Moret Isabelle · Nationalrat · 2013-04-17
Moret Isabelle · Nationalrat · Waadt · FDP-Liberale Fraktion · 2013-04-17
Wortprotokoll
Un retour en arrière de 10 ans! Voilà ce que demande cette initiative. Sous prétexte d'économies dans l'assurance-maladie, le comité d'initiative propose en réalité une remise en question de la solution des délais pour autoriser l'avortement.
Après plusieurs questions en commission, la réponse du comité d'initiative, composé de personnalités conservatrices religieuses, a été très claire: oui, il s'agit de remettre en cause la décision du peuple suisse de juin 2002 qui [PAGE 667] acceptait la solution des délais par une large majorité de 72,2 pour cent. Les initiants veulent à nouveau criminaliser l'avortement; plus de manière directe, par une condamnation pénale, mais de manière indirecte, par une condamnation financière.

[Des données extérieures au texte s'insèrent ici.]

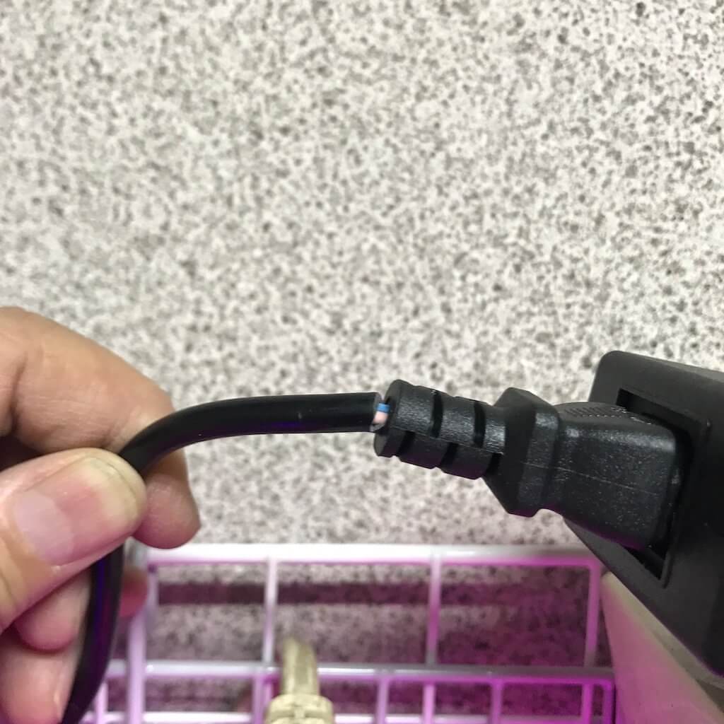 もう一つ、コンセントタイマーから給電する電源ケーブルの根元の被服が破れているように見えました。

Il y a plus de dix ans, c'était une autorité médicale qui décidait: "Oui, Madame, Mademoiselle, vous avez le droit d'avorter, vous n'êtes pas une criminelle" ou au contraire "Non, vous n'avez pas le droit et si vous interrompez votre grossesse, vous êtes une criminelle". Avec l'initiative, une même autorité médicale décidera: "Oui, Madame, Mademoiselle, vous avez le droit d'avorter et vous serez remboursée" ou "Non, si vous interrompez votre grossesse, vous ne serez pas remboursée".
En cherchant à retirer les coûts de l'interruption de grossesse de l'assurance-maladie obligatoire, les initiants touchent les femmes et les couples au niveau du porte-monnaie. Mais leur manoeuvre s'attaque aux mauvaises personnes. Elle va créer des conditions de détresse pour des femmes et des couples n'ayant pas les moyens de recourir à une interruption de grossesse dans de bonnes conditions médicales. Veut-on assister au retour des faiseuses d'anges? Veut-on voir des femmes au revenu modeste se tourner vers des solutions précaires, vers des avortements de deuxième qualité? Voulons-nous vivre le psychodrame qu'a traversé il y a quelques mois l'Irlande suite au décès d'une femme à laquelle on a refusé une interruption de grossesse?
Rappelons que lors de la votation de 2002, il a été très clairement expliqué que désormais les avortements seraient pris en charge par l'assurance-maladie. Et trois Suisses sur quatre ont très clairement accepté ce principe.
L'introduction du régime du délai n'a pas entraîné en Suisse d'augmentation du nombre d'interruptions de grossesse. Ce nombre est aussi très faible en comparaison européenne. Notre pays met l'accent sur la prévention en matière de grossesse non volontaire. Tous les témoignages le démontrent: avorter n'est jamais une décision facile, jamais une décision prise à la légère.
Même si l'on reste sur un strict plan financier, les économies relatives à ces coûts représenteront une goutte d'eau par rapport aux coûts totaux de l'assurance-maladie. A l'inverse, un avortement bon marché qui tourne mal et qui nécessite une hospitalisation sera obligatoirement pris en charge par l'assurance-maladie. L'un dans l'autre il n'y aura globalement aucune économie.
Je vous remercie de recommander le rejet de cette initiative.